Friday, September 30, 2016

LOST SURNAMES : PADILLA


Former Mayor Buck Cruz
and a photo of his late father Ramón Padilla Cruz


This series called "Lost Surnames" looks at families who were once here, and are still here in their descendants, but whose names have been lost because no one anymore carries the name as their last name.

One such family are the Padillas.

The name does not appear in the all-important 1727 or 1758 censuses; important because those documents would tell us (for the most part) if the family ancestor was a member of the Spanish regiment of soldiers or of the Pampanga (Philippines) regiment instead.

So we cannot even say where the first Padilla on Guam was from. It's a Spanish name, so he could have been from the Philippines or Latin America, and a smaller chance of being from Spain itself.

From the baptismal records that have survived, it seems that our first Padilla to Guam was one Bruno Padilla, who married Nicolasa de la Cruz. The couple seems to have had nothing but daughters, unless sons died in childhood. This explains why the name died out.

One daughter, Maria, had a daughter, Vicenta, out of wedlock, but Vicenta later married a man from Malesso', Ignacio Pangelinan de la Cruz. These were the parents of Ramón Padilla Cruz, the father of Mayor Buck.

But, eventually, Maria married Juan de León Guerrero Campos and moved to Saipan.

Maria's sister Isabel also moved to Saipan where she married the American William Jones (spelled Johns in the Spanish records). These records state that Isabel was the daughter of Bruno Padilla and a Rita de la Cruz. Could this be the same Nicolasa? Once in a while in these records, the same person is called by two different first names. Or, are Rita and Nicolasa two different people? Possibly sisters? In any case, Bruno Padilla is the father. So Maria and Isabel are, at the very least, half-sisters.

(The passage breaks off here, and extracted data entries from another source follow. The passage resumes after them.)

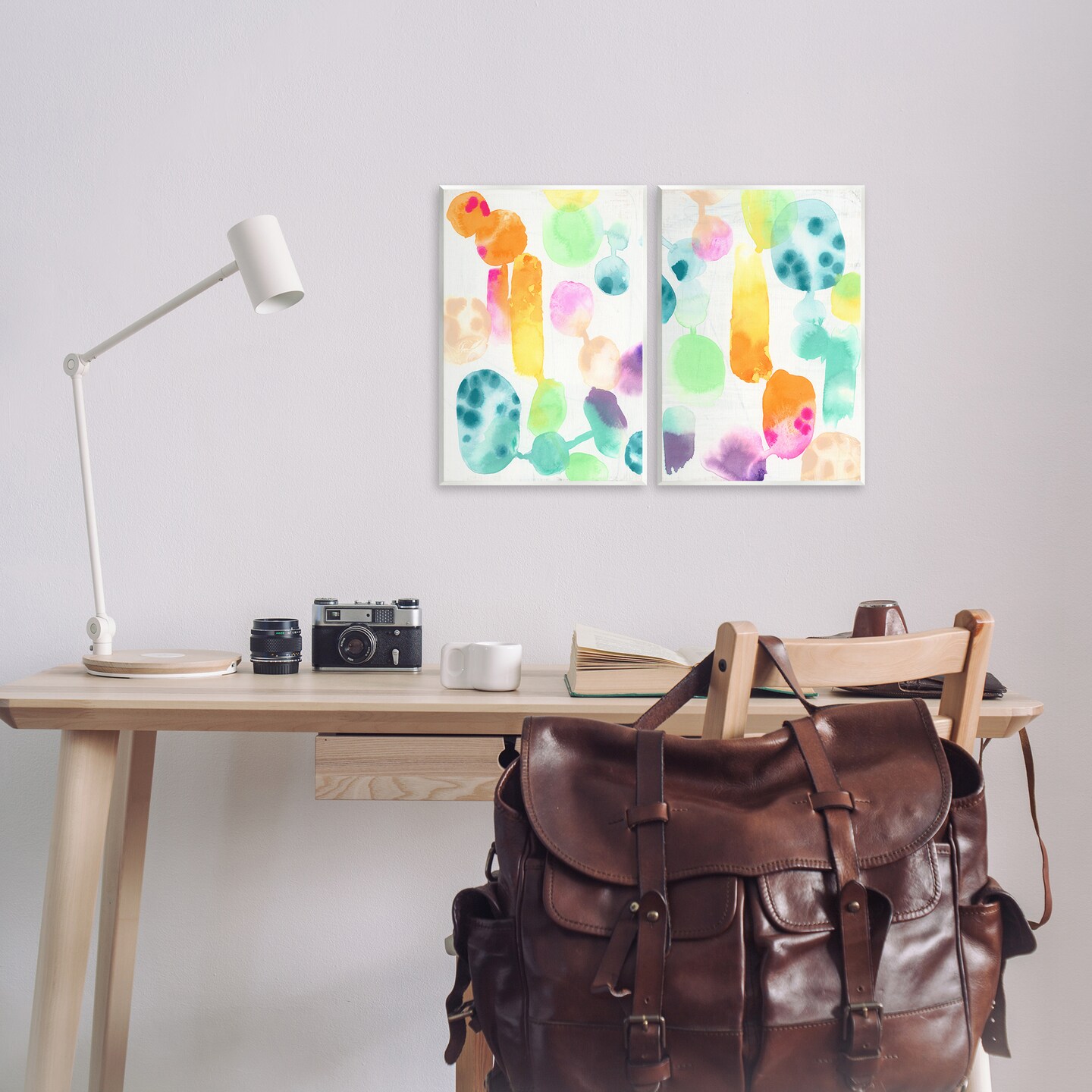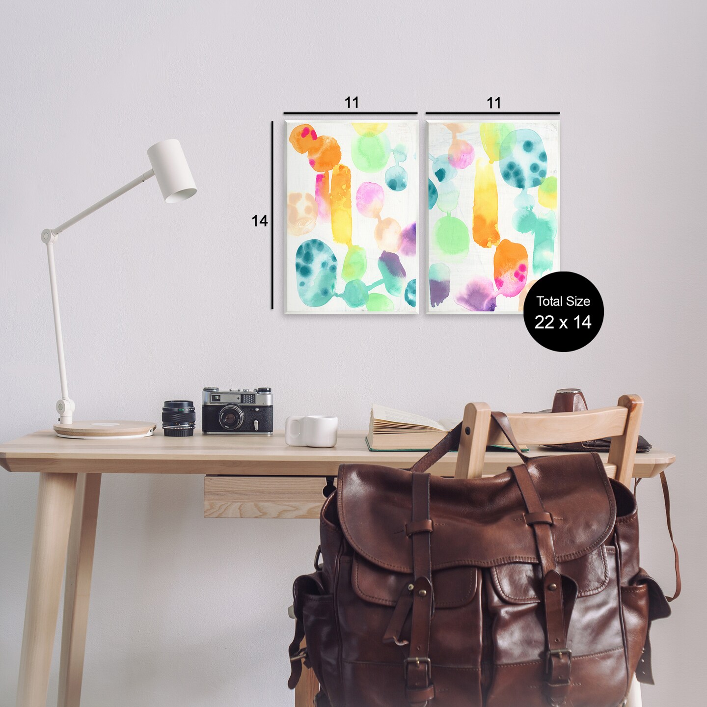 Stupell Industries Neon Colorful Abstract Shapes 2 pc Wall Plaque Art Set Design by June Erica Vess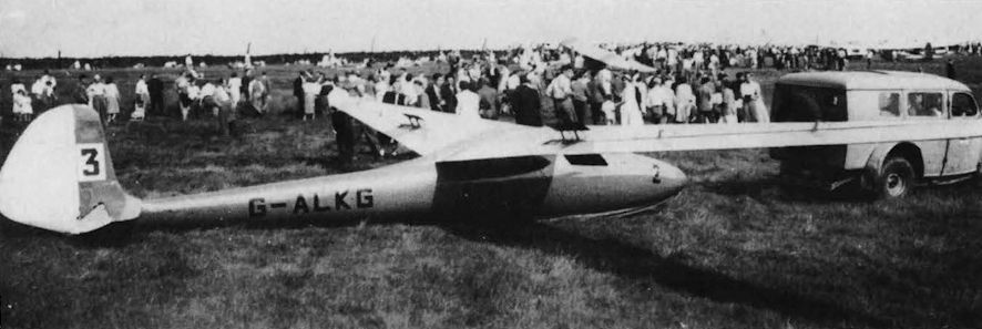 Регистрационный номер: G-ALKG, BGA433 DFS Weihe BGA.433/G-ALKG of Philip Wills at a contest at Great Hucklow, Derbyshire in July 1951. This was one of two Weihes tested at Farnborough and was then rebuilt by Slingsbys.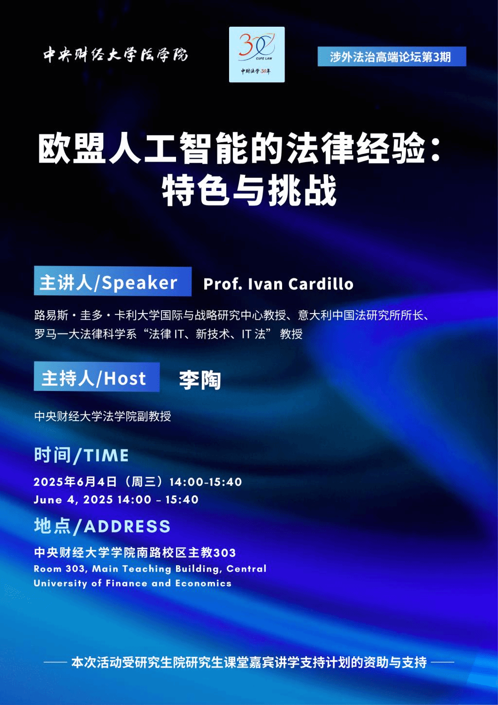 主讲人:Prof. Ivan Cardillo,路易斯·圭多·卡利大学国际与战略研究中心教授、意大利中国法研究所所长、罗马一大法律科学系“法律 IT、新技术、IT 法” 教授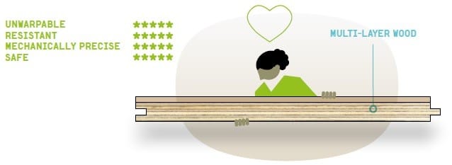 Dvoslojni gotovi parket ima optimalno strukturo, kjer se zgornji sloj iz plemenitega lesa dopolnjuje s stabilnim spodnjim slojem iz brezove vezane plošče. Ta kombinacija omogoča učinkovito prevajanje toplote in hkrati preprečuje deformacije zaradi temperaturnih sprememb.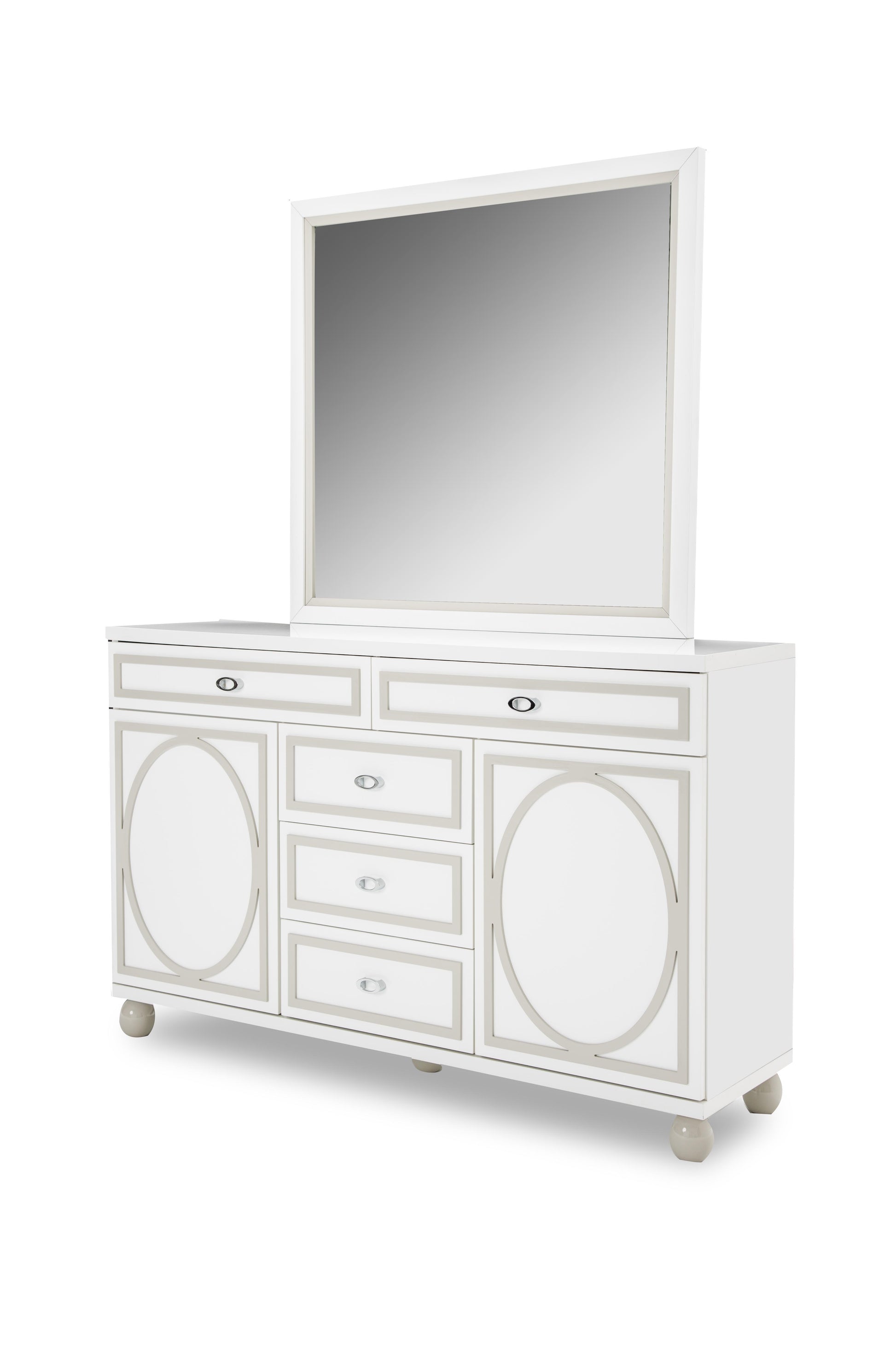 Sky Tower - Dresser with Mirror - Cloud White

Isabel, by the way, had a prior marriage to Francisco de León Guerrero.

Finally, we have a Joaquina, daughter of Bruno and Nicolasa. She stayed on Guam, married to José Aguon Laguaña. This couple had many children.

So, while Maria, Isabel and Joaquina could not sustain the Padilla last name, the Padilla blood runs in the veins of many Chamorros in Saipan, Guam and wherever else they moved.